◆ **ENTRIES SHOWN**

▼

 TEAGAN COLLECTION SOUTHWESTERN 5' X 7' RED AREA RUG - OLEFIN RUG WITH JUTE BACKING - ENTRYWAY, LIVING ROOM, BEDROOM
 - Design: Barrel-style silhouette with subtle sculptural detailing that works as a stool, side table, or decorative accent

▲
▼

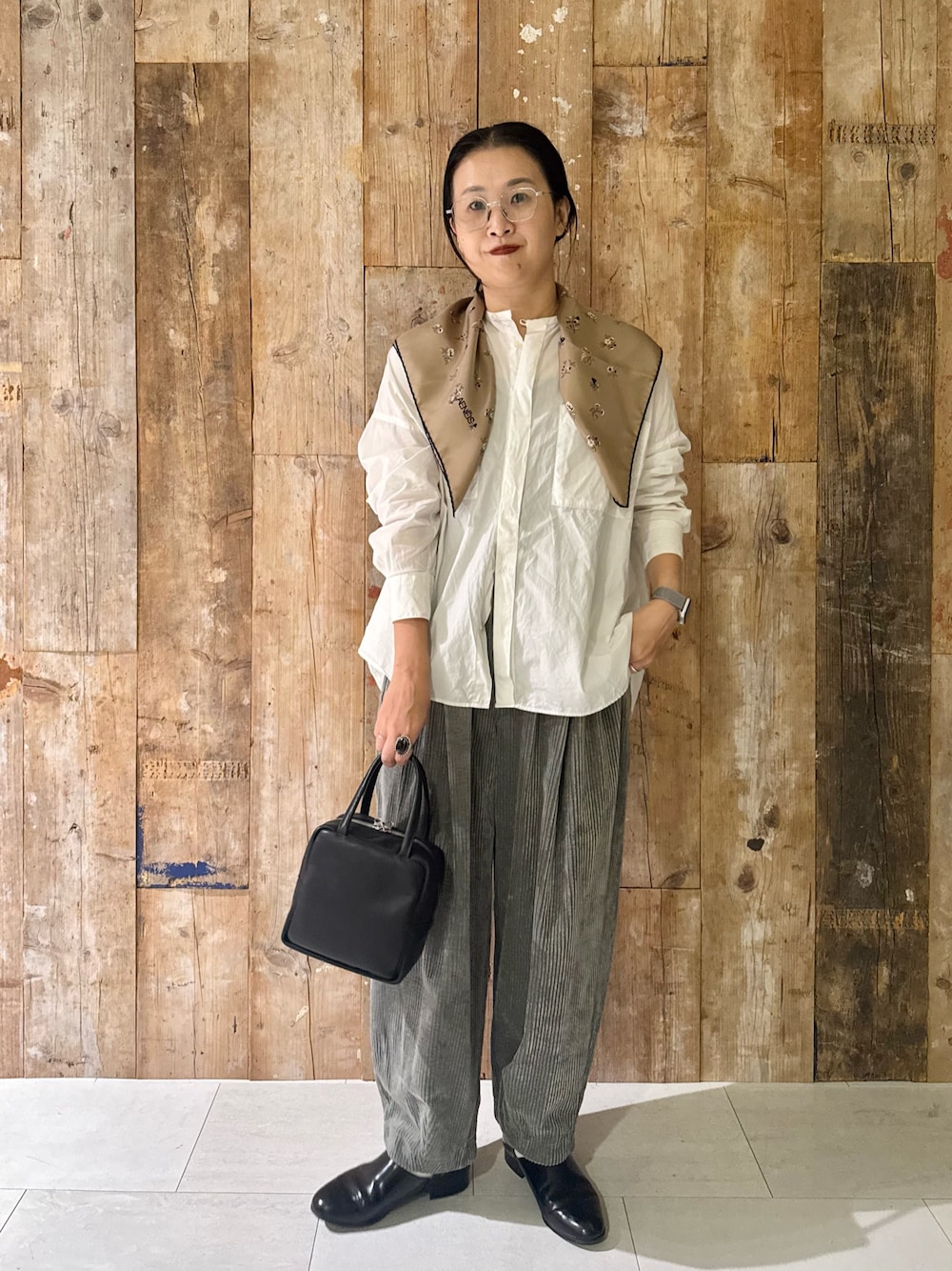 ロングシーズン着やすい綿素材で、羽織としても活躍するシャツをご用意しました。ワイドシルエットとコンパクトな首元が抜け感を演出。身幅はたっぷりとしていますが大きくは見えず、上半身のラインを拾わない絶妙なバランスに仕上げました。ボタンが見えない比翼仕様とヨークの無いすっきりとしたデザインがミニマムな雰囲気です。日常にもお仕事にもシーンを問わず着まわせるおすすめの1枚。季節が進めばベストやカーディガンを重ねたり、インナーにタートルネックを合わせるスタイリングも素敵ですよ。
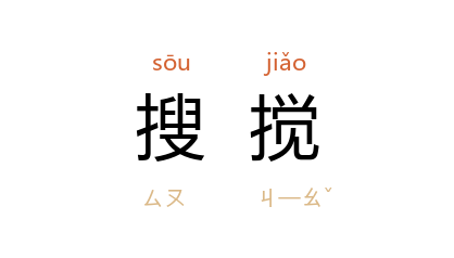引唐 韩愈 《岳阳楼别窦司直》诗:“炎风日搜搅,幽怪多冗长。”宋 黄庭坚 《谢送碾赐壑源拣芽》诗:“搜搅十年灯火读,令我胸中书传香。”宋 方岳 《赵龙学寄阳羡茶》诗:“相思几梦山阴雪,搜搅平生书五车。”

▲
▼

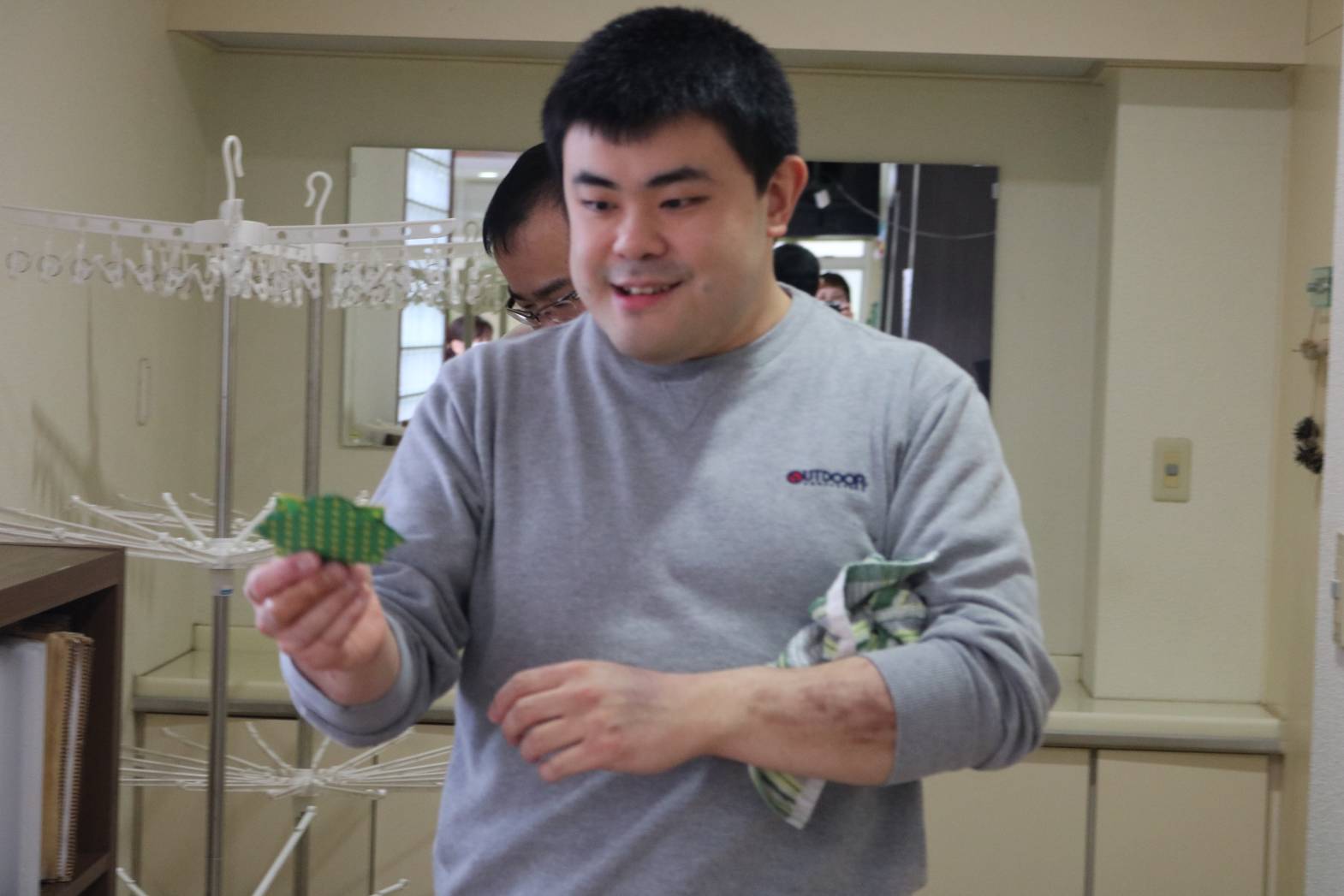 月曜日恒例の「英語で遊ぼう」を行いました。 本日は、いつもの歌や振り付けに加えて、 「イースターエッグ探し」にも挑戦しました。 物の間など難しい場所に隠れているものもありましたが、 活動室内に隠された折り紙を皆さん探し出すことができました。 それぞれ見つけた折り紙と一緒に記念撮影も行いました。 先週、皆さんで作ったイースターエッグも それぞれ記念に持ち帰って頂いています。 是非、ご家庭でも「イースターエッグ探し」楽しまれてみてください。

▲

◆ **EXERCISE AIM**
What you give back must be the stretch above, starting at the line with "TEAGAN COLLECTION SOUTHWESTERN" and ending at the line with "- Design: Barrel-style", copied exactly.

◆ **COMPLETED EXERCISE**
 TEAGAN COLLECTION SOUTHWESTERN 5' X 7' RED AREA RUG - OLEFIN RUG WITH JUTE BACKING - ENTRYWAY, LIVING ROOM, BEDROOM
 - Design: Barrel-style silhouette with subtle sculptural detailing that works as a stool, side table, or decorative accent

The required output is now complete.